Один из повторяющихся мотивов в записных книжках – неприятие роли салонов во французском культурном устройстве. Ренан обличает роковое влияние салонов на французскую литературу XVI–XVIII веков:
Видите ли, в нашей литературе [XVI–XVIII веков] нет ничего святого; она вся принадлежит сфере салонов, светских кружков, академий; она смеется, шутит, занимается пустяками, бросается отточенными фразами. Но высокое представление о вещах – Гомер и Библия, Гаман и Гёте, Гердер и Песнь о Роланде, – истинное, высокое, прекрасное, свободное от заботы о том, чтобы не показаться смешным, – где в ней все это? (Тетрадь № 3, запись № 4: [Renan 1906, 125].)
Не говорите мне о салонных словесниках эпохи Людовика XIV с их тускло-правильными фразами. Вот Кант, Гердер, Гёте – разве они были салонными людьми? (Тетрадь № 4, запись № 47: [Renan 1906, 228].)
Сколь широкоохватны слова литератор и литература; сколько разных оттенков они в себя вмещают! Скалигер; иезуит из коллежа; бенедиктинец; доктор из Сорбонны; Расин; Мольер; член Академии надписей; Шапель; Вольтер; Шольё; Монтескьё; г-н де Шатобриан; Шлегель; Гёте; г-н Вильмен; преподаватель риторики; фельетонист; и т. д., и т. п. – Возьмите лишь два оттенка: этого будет достаточно, чтобы изумиться. Возьмите Шапеля или Шольё: литература вторична. Цель – удовольствие; стихи пишут ради удовольствия. И эта школа – это XVIII век и добрая часть семнадцатого, и люди полагали, а многие и сейчас полагают ‹…› что тип литератора – это быть учтивым, нежным, галантным, быть салонным завсегдатаем, сочиняющим стихи.
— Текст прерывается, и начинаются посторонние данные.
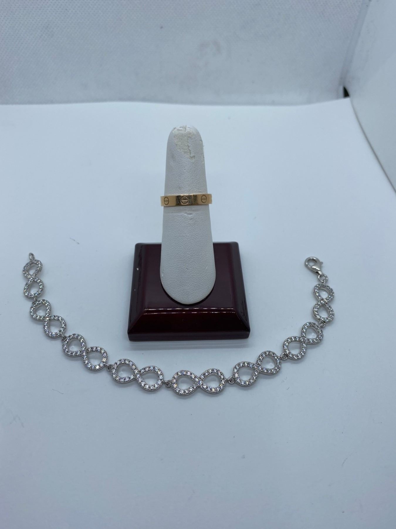 ONE LADIES 18KT ROSE GOLD CARTIER LOVE RING REPLACEMENT VALUE: $ 1,400 ONE STERLING SILVER AND COLOURLESS CUBIC ZIRCONIA BRACELET REPLACEMENT VALUE: $ 200.00
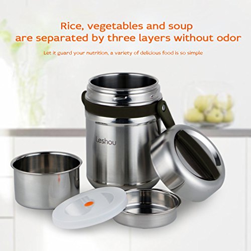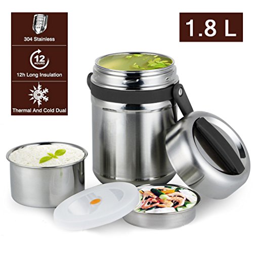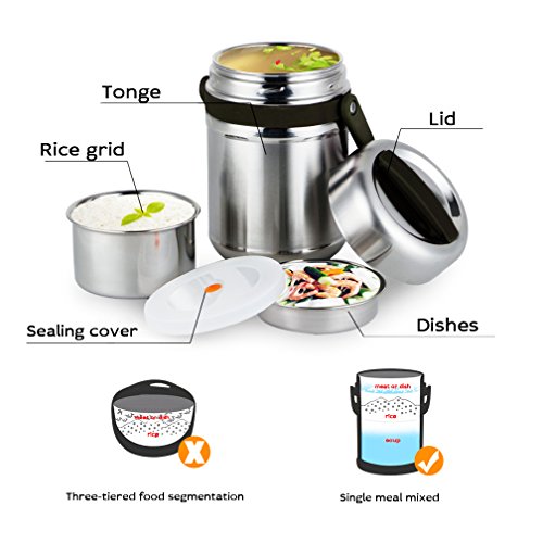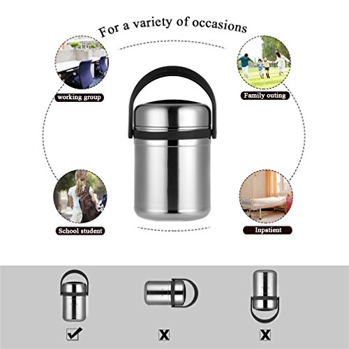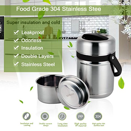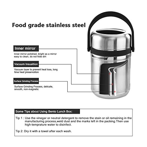🍷🍷WHY YOU CHOOSE VeMee Stainless Steel Thermal Insulated Lunch Jar🍷🍷UPGRATED DESIGN-We design the outside with 3 layers for premium insulationStainless Steel Bento box, has been Certified and tested in a lab as being food safe materials!which is high-density and can keep food warm ,separated and fresh, produce the best possible results of heat preservation, This will keep your food cold or hot for up to 12hours.They are super easy to wash and will not rust, corrode, or harbor mold. BPA free with no toxic chemicals or substances.
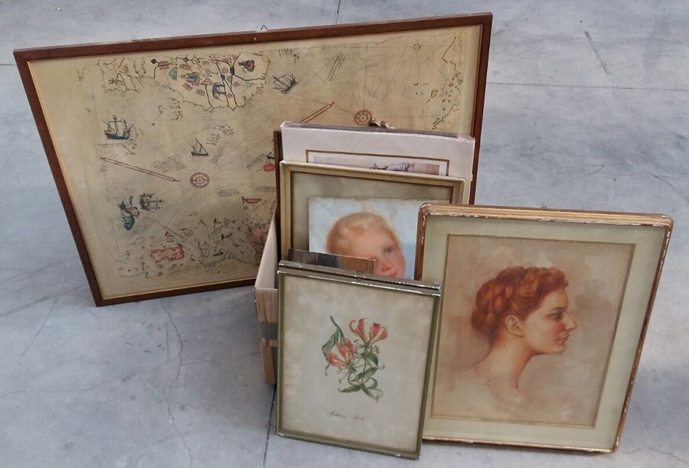 Cartone contenente alcuni quadri di soggetto, tecnica e autori differenti, cui si unisce una specchiera ovale e una grande riproduzione a colori raffigurante un’antica mappa (difetti)
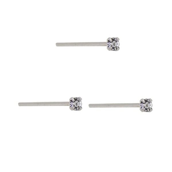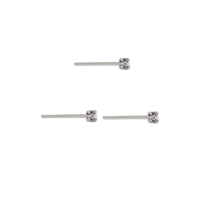 DENI 3 Nose Studs Straight 925 Sterling Silver with Very Small Cubic Zirconia of 1.5 mm Thin with Bar Thickness 0.6 mm Sterling Silver, Sterling Silver
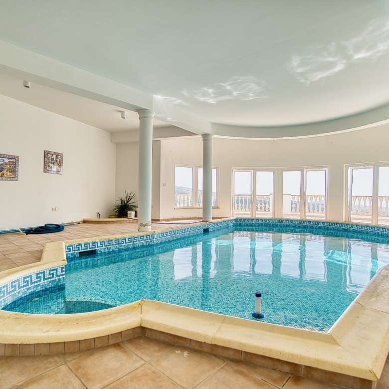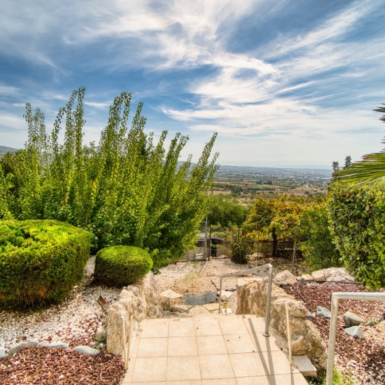 For Sale 5 Bedroom Luxury and custom built House in Tala (Lofos). It is beautifully designed with high standards and furnished with high quality unique furniture! All bedrooms are ensuite, underfloor central heating, air condition 2 fully equipped kitchens with high standards, indoor heated swimming pool, barbecue area and low maintenance garden! The property is also fully equipped with Solar panels which power the house and heated pool meaning very cheap electricity bills.
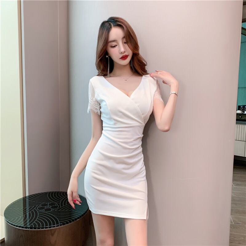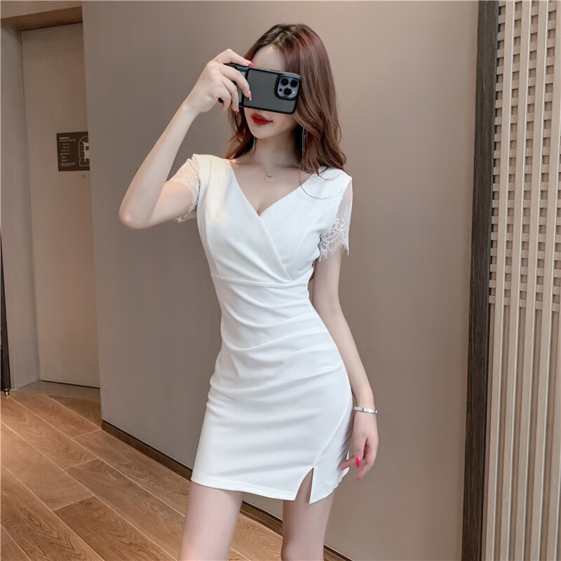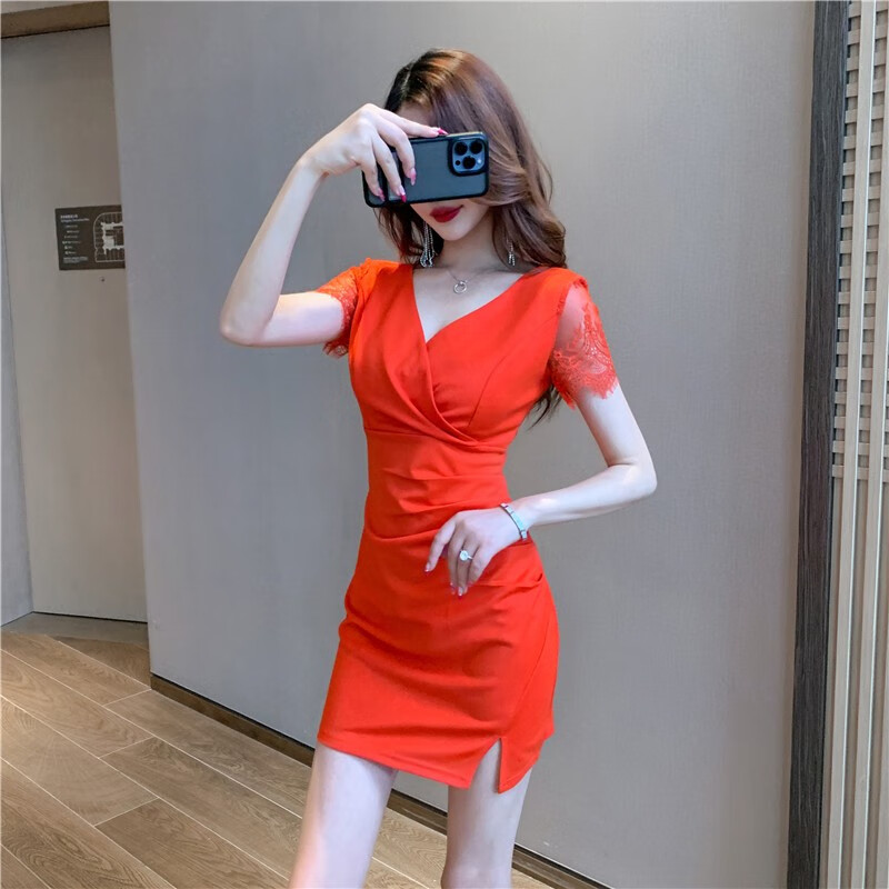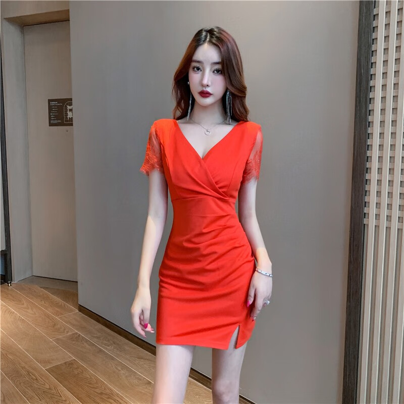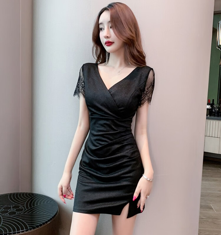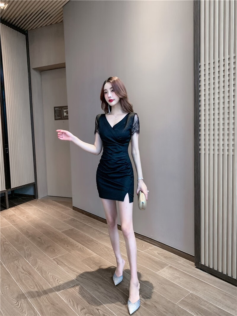 冉艺岚同款黑色气质紧身领连衣裙新款足疗足浴工服水疗技师性感包臀短裙 3897黑色 S 建议80-95斤
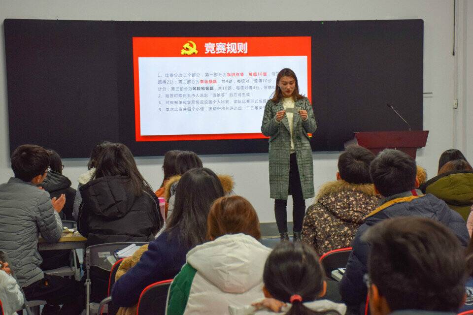 12月10日晚6时,淮海工公司团委新媒体发展中心于苍梧校区老员工活动中心团委培训室举办十九大知识竞赛决赛,校团委新媒体发展中心主任周嘉琪,副主任李曼、万继杰,办公室部长徐晓妍出席此次活动,办公室副部长彭婧婕担任比赛主持人。在此次比赛中,化学工程公司代表队团结协作,积极应对,最后荣获优秀奖。
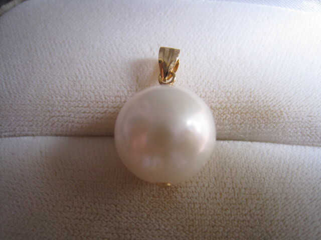 - [SAMU]照り綺麗!!大玉天然南洋白蝶真珠13.5mm k18金ペンダント 美品!
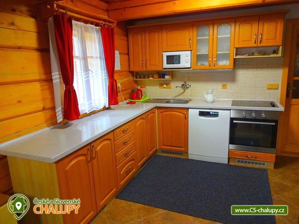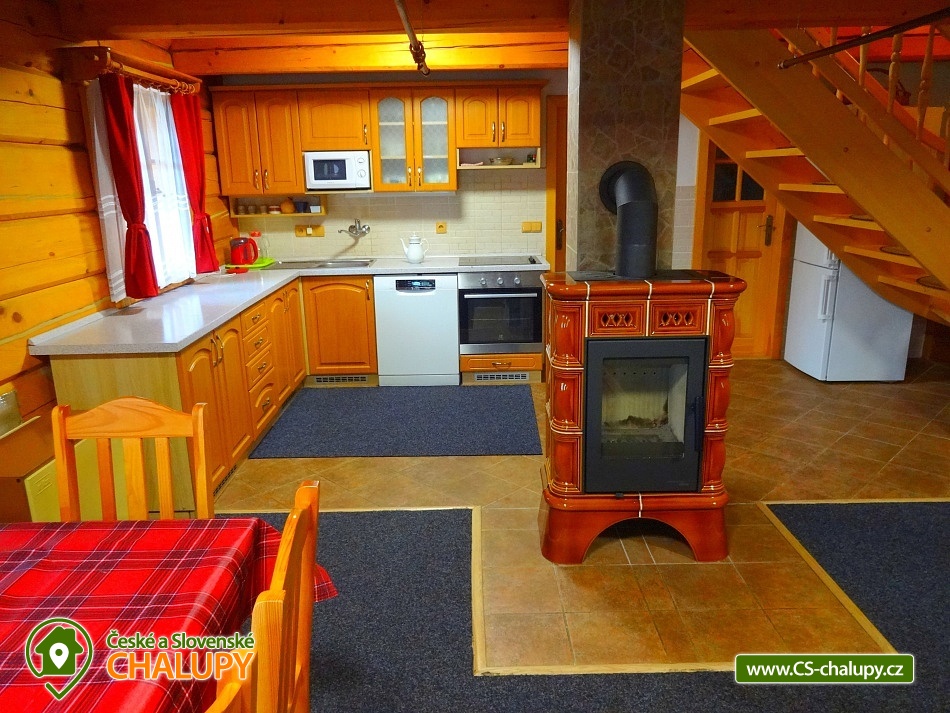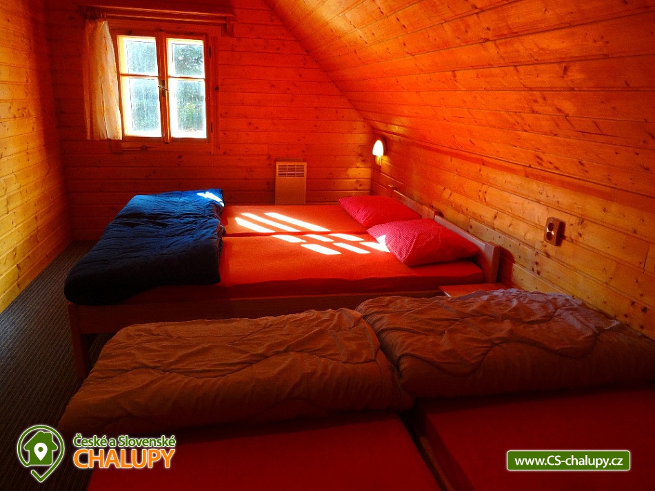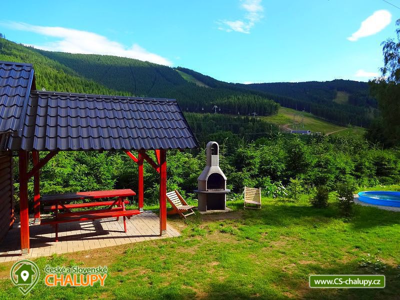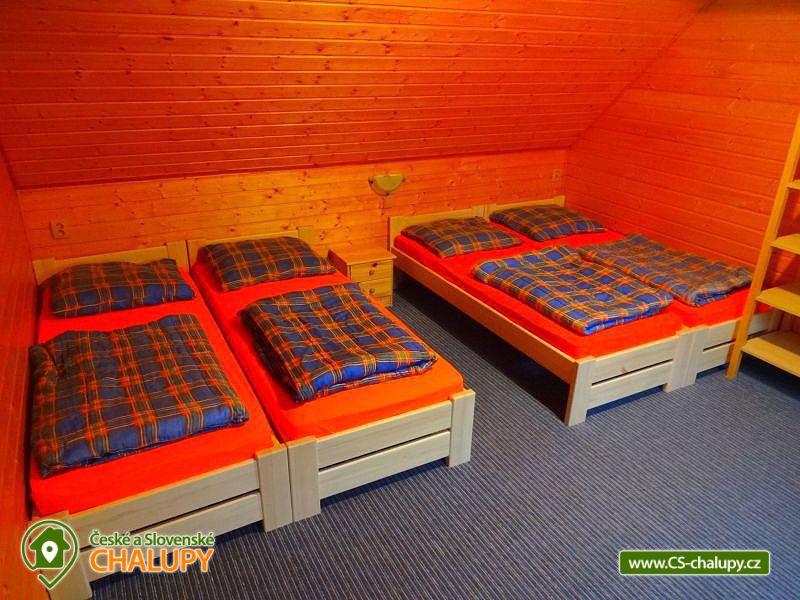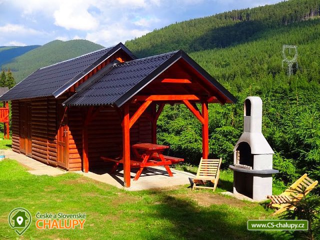 Roubenka se saunou, hernou a letním bazénem nedaleko Termálního parku Velké Losiny. Tradiční roubená chata s kapacitou 2x11 osob (sauna, herna, dětský bazén) se nachází na jednom z nejpěknějších míst v atraktivní části Hrubého Jeseníku. K dispozici jsou 2 stejně vybavené, stejně velké a samostatně oddělené apartmány s vlastními venkovními vchody, každý se 3 ložnicemi a každý s kapacitou 11 osob. V případě objednání celé chaty a známých osob lze oba apartmány vnitřkem propojit a celá chata je tak průchozí. Vybavení každého apartmánu: V přízemí je společenská místnost - velký obývací pokoj spojený s kuchyní a jídelnou, koupelna se sprchou, wc, zastřešená veranda a terasa. V I. patře jsou 3 neprůchozí ložnice: 1x3 lůžka, 1x4 lůžka a 1x4 lůžka a druhé wc. K dalšímu vybavení patří sedací souprava, lednice, mraznička, myčka nádobí, mikr. trouba, sklokeramická varná deska, el.trouba, topinkovač, krbová kamna, el. topení (akumulačky), tv-lcd, wifi internet, dětská jídelní židlička a dětská postýlka. Každý apartmán má i své venkovní posezení s pergolou a venkovním krbem. Uvnitř chalupy je také infrasauna pro 4 osoby, herna se stolním tenisem a stolní fotbal. Vedle chalupy je dětský bazén o Ø160cm/hloubka 38cm, úschovna lyží a kol, dětská skluzavka, houpačky, lana, pískoviště, prolézačky a trampolína. Majitel v objektu nebydlí. Pes zde není povolen a parkování je v létě přímo u objektu, v zimě 80m od objektu. Kousek od chaty (1 km) je i krytý bazén se zádovým chrličem a s Whirpool, restaurace 250m, lanovky 250m nebo thermalpark s tobogány 10km. Ubytování v Jeseníkách na chatě Roubenka. V okolí chaty doporučujeme tyto výlety: podzemní přečerpávací elektrárna Dl. Stráně s prohlídkou vysokohorských vodních nádrží - 5 km , vodopády na Borovém potoce - 5 km, velký zábavný park pro děti se spoustou atrakcí a restaurací, Loučná - 5 km, rybářská bašta, minigolf a skatepark, Loučná - 5 km, horské středisko Červenohorské Sedlo (1.030m.n.m.) s restauracemi a množstvím vleků - 8 km, termální aquapark s tobogány, lázně, zámek a minigolf, Velké Losiny - 8 km a muzeum ruční výroby papíru (nejstarší v Evropě a je doposud v provozu), Velké Losiny - 8 km.
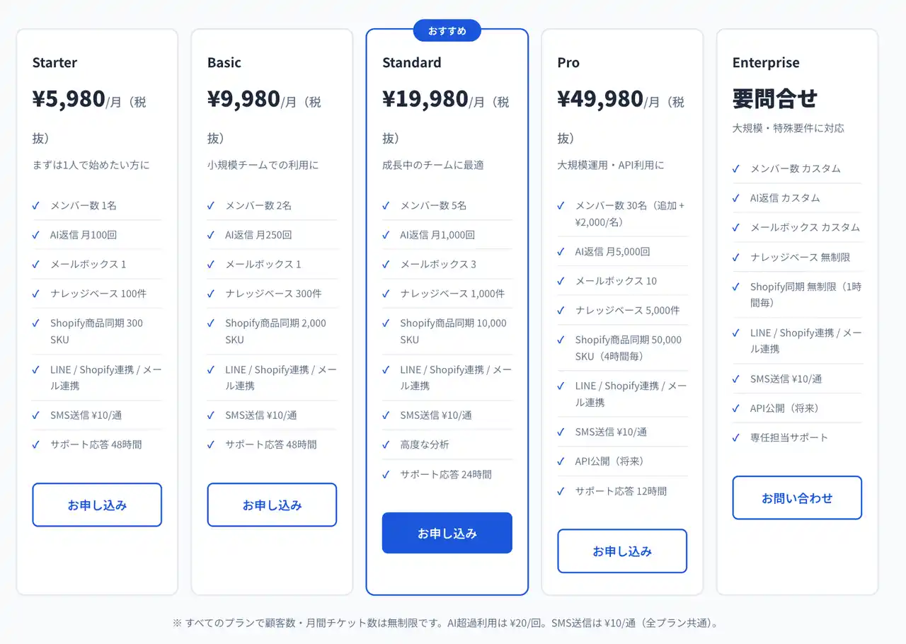 | 対応チャネル:メール、LINE公式アカウント、Shopify、SMS(送信) | |||
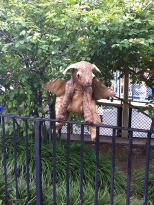 Creative stuffed animals in the park

И противопоставьте этому Гердера, Шлегеля; Бог – наша крепость [аллюзия на первый стих протестантского хорала, написанного Лютером: «Eine feste Burg ist unser Gott»]! (Тетрадь № 7, запись № 44: [Renan 1907, 109–110].)
За всеми инвективами в адрес салонов стоит неприятие одной фундаментальной особенности мира французской элитарной культуры. Это особенность настолько всепронизывающая, что сама возможность поставить ее под вопрос открывается лишь с позиции внешнего наблюдателя. Для этой культуры сама собой разумеется преимущественная ориентация интеллектуального творчества на успех у четко ограниченной «целевой аудитории». Творчество оказывается детерминировано интересами сегодняшней публики, и притом публики очень конкретной. Ee круг строго определен, можно сказать, осязаем:
Долой литераторов салонных, пошлых, нефилософских! – Ценно только вечное. А какова цель у этих людей? Именно это я и хочу все время понять. Деньги – цветение – мелкое тщеславие, вся суетность которого чувствуется, над которым они сами насмехаются? А когда они берут этот дешевый насмешливый тон, неужели они не задумываются о том, что лет через двадцать о них самих будут говорить еще хуже? А если они думают об этом, то как они могут писать? Ах, да полноте! Это рассчитано на сегодняшний день. Шумная известность на несколько лет. Буду цвести лет восемь, а потом – прощайте. А какой иной, более надежный вывод можно сделать из прошлого? И в это верят! И так живут! О, какая суетность! Эти люди проникнуты ею насквозь. Нет, если бы умственный труд не касался вечного и истинного, я бы отрекся от всяких умственных занятий, я бы ушел в область нравственности и сердца, я бы сделался простым добрым крестьянином. Deus! Deus meus! (Тетрадь № 3, запись № 44: [Op. cit., 159].)
Все это – типичная критика французской культуры «с немецкой точки зрения». Ренан совершенно закономерно выдвигает здесь именно немецких писателей в качестве образцов для подражания. В примечании к одной из цитированных выше записей Ренан и сам подчеркивает сходство своих мнений с установками немецких авторов:
Эти мысли чудесным образом согласуются с мыслями Гердера. «Поэзия не является индивидуальной собственностью нескольких благовоспитанных людей; она – врожденный дар, свойственный всем народам Земли». (Тетрадь № 3, запись № 4: [Renan 1906, 126].)